Religion
- Affiliation: Reform Judaism
- Ecclesiastical or organizational status: Synagogue
- Status: Active

Location
- Location: 1545 Bushkill Street, Easton, Pennsylvania 18042
- Country: United States
- Interactive map of Congregation B'nai Shalom
- Coordinates: 40°41′36″N 75°14′02″W﻿ / ﻿40.6933°N 75.2340°W

Architecture
- Style: Synagogue
- Established: 2020 (merged congregation) 1839 (Brit Shalom); 1889 (Bnai Abraham);
- Completed: 1842 (BS: S. Sixth St.); 1907 (BAS: Bushkill St.); 1959 (BS: ??);

Website
- bnaishalomeaston.org

= Congregation B'nai Shalom (Easton, Pennsylvania) =

Reform synagogue in Easton, Pennsylvania, United States

Congregation B'nai Shalom is a Reform Jewish synagogue located at 1545 Bushkill Street, in Easton, Pennsylvania, in the United States. The congregation was formed on August 1, 2020, following the merger of two former congregations.

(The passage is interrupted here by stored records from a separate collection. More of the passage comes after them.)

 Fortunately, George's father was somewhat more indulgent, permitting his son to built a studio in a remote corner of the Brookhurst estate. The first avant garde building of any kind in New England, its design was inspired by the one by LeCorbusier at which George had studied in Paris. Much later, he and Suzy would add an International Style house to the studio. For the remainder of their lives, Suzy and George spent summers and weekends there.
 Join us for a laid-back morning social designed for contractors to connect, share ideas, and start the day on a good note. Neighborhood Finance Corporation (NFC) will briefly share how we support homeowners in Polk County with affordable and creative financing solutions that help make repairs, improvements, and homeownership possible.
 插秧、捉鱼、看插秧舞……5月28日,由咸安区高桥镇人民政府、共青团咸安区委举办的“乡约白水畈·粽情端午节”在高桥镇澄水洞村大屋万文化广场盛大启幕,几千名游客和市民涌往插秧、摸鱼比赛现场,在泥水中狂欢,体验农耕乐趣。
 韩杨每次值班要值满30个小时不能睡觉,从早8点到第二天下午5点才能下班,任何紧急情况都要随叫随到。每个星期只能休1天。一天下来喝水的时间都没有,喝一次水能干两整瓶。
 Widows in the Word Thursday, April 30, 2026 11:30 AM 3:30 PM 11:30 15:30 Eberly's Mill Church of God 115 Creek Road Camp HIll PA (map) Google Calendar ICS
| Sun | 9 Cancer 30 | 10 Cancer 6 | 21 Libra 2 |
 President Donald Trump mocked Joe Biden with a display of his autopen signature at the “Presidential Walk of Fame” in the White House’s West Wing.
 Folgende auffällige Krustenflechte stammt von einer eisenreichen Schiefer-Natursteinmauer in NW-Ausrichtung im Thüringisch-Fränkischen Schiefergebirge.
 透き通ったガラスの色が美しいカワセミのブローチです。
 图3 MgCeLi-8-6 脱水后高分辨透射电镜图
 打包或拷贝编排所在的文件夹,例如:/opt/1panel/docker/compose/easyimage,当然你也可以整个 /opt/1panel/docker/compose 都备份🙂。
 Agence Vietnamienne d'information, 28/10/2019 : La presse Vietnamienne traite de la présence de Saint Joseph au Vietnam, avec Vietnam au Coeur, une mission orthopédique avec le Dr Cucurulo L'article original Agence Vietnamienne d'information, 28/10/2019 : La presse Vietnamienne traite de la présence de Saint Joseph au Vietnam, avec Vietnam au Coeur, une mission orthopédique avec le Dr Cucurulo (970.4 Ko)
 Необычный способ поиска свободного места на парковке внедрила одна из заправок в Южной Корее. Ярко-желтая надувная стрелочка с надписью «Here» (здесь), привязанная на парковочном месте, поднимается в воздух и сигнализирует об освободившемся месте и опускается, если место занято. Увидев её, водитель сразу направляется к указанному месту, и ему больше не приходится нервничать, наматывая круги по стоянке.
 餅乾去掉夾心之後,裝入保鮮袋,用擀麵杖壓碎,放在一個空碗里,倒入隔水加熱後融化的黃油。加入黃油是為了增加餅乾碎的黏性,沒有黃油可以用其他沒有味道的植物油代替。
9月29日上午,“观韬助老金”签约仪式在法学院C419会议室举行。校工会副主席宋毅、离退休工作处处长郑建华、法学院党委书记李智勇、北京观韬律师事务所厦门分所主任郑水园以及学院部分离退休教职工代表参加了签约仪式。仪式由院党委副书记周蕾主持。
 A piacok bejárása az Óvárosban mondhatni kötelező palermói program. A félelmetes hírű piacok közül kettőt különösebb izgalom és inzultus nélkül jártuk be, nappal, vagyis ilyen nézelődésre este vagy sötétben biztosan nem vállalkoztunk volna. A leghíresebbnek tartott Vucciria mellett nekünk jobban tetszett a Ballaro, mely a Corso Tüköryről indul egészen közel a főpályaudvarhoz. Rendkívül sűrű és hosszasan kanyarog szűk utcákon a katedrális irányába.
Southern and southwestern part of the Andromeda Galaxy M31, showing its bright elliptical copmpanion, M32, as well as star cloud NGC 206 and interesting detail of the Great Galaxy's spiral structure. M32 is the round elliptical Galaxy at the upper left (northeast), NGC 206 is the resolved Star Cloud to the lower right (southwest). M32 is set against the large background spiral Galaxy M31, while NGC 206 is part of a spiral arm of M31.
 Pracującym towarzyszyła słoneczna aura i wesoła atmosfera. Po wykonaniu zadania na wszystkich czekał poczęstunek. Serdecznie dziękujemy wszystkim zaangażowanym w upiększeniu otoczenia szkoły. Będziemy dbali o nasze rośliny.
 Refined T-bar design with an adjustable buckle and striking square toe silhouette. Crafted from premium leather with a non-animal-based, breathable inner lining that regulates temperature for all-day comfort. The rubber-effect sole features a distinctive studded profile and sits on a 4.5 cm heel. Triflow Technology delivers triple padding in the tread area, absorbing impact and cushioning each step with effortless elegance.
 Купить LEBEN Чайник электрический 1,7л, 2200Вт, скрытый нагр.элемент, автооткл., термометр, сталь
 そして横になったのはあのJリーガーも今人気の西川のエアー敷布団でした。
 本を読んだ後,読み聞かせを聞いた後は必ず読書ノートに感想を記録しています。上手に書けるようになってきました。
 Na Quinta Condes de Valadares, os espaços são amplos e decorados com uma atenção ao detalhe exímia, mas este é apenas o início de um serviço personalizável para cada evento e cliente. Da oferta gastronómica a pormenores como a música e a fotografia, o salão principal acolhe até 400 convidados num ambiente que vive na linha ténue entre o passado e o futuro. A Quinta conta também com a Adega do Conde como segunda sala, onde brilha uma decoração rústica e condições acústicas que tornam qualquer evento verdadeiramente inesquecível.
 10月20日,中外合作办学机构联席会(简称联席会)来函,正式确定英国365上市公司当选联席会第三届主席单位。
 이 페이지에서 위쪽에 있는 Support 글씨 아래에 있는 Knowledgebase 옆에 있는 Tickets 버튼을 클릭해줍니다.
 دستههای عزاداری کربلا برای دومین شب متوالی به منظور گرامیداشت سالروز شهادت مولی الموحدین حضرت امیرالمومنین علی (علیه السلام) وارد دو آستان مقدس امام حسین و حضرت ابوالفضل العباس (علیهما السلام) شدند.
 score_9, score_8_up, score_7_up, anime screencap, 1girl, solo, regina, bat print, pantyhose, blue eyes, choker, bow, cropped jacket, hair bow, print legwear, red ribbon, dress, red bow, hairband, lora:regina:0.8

Founded in 1839 as Brit Shalom, later known as the Temple Covenant of Peace, it is one of the oldest Jewish congregations in the United States. In 2018 the congregation began discussions to merge with the B'nai Abraham Synagogue, founded in 1889.

==History==

Congregation Brit Shalom was founded on August 26, 1839. In 1842, the congregation built a synagogue building at 38 South Sixth Street. In 1959, the congregation, renamed as Temple Covenant of Peace, moved to a new building. By the late twentieth century, the former S. Sixth St building was used as the Second Baptist Church of Easton. In 1996, Mark W. Gordon identified this building as the third oldest synagogue building in the country. However, the old synagogue, subsequent church, was destroyed by arson on June 21, 2003.

Congregation B'nai Abraham, also B'nai Abraham Synagogue (transliterated from Hebrew as "Children of Abraham"), was founded in 1889 by immigrant Jews were from eastern and central Europe, Russia, and the Baltic countries, who practiced in the Orthodox Ashkenazi rite.

After several years of discussions, in August 2020 the two congregations merged as Congregation B'nai Shalom. At the time of the merger, B'nai Abraham was aligned with the Conservative movement; however, the new merged congregation embraced the Reform movement. The congregation adopted the former B'nai Abraham Synagogue Bushkill Street building as their new place of worship. The former Temple Covenant of Peace synagogue building was sold.